Der Name war bald gefunden; man einigte sich auf Vorschlag von Gitarrist Klages auf "RAMSES II".
Bereits 1973 tourte die Gruppe recht erfolgreich mit eigenen und gecoverten Stücken durch Norddeutschland.
Bei einem Bandwettbewerb von "Riebes Fachblatt" in der Hamburger Fabrik belegte die Gruppe einen beachtenswerten sechsten Platz von immerhin 62 Gruppen.
Ende 1973 verließen Bernd Probst und Hans-Jürgen Lammers die Gruppe. Nach kurzer Suche holte man Dete Kuhlmann (drums), Winfried Langhorst (keyboards) und seinen Bruder Norbert (gitarre) in die Gruppe, die damit vorübergehend sechs Musiker hatte. In dieser Formation wurden einige Gigs gespielt.
Doch die optimale Gruppe hatte sich noch immer nicht gefunden. Dete Kuhlmann, der heute übrigens zu den Urgesteinen der Hannoverschen Musikscene gehört, verließ RAMSES II wieder. Für ihn folgte für etwa zwei Monate der Drummer Claus Arve, der schon in verschiedenen hannoverschen Formationen tätig war. Zusammen mit dem Gründungsmitglied Peter Klages stieg Arve im Sommer 1974 aus der Gruppe aus. Damit war das alte Drummer-Problem wieder da.

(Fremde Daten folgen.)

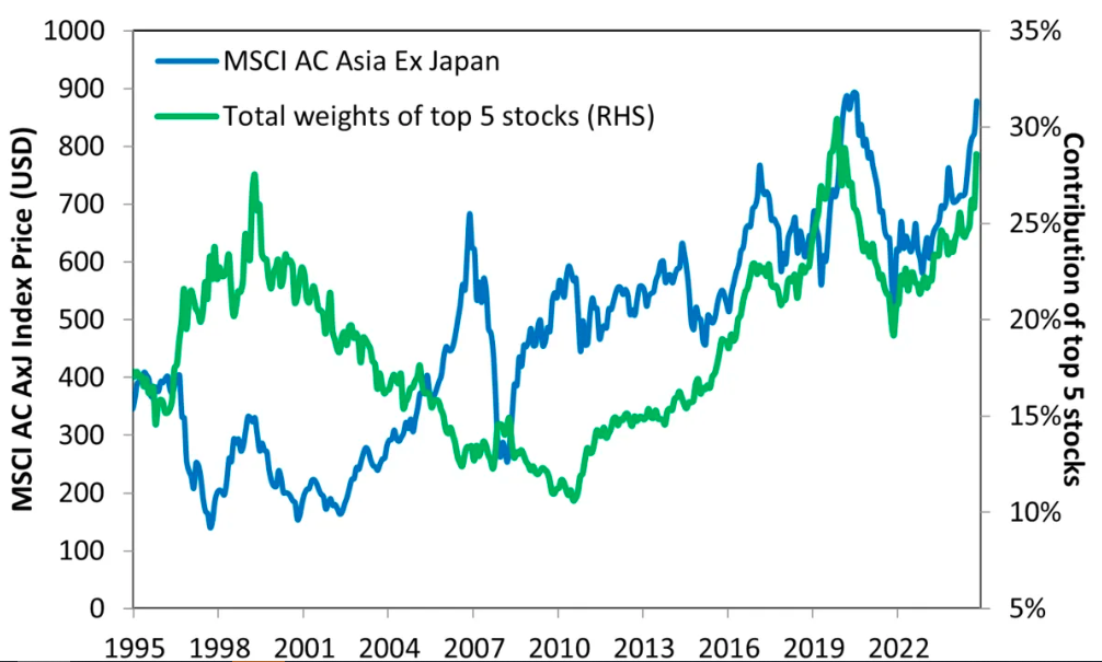 而类似的高集中度风险,眼下在部分亚洲市场同样突出:仅台积电一家公司就占据了中国台湾加权指数近45%的权重,是十年前的三倍。韩国KOSPI指数则已形成双寡头格局,存储芯片巨头三星电子和SK海力士合计占比高达30%。

Man schaute sich auf der Hannover-Scene um, und wurde fündig mit dem Ex TALE Drummer Reinhard Schröter.
Damit war endlich die Formation gefunden, die für die nächsten fünf Jahre auf Erfolgskurs ging.
Bereits im August 1975 wurde ein Plattenvertrag mit dem neuen Rock-Label Sky Records des Ex Brain/Metronome Labelmanagers Günter Körber abgeschlossen. Bei dieser Gelegenheit wurde der Bandname in RAMSES geändert.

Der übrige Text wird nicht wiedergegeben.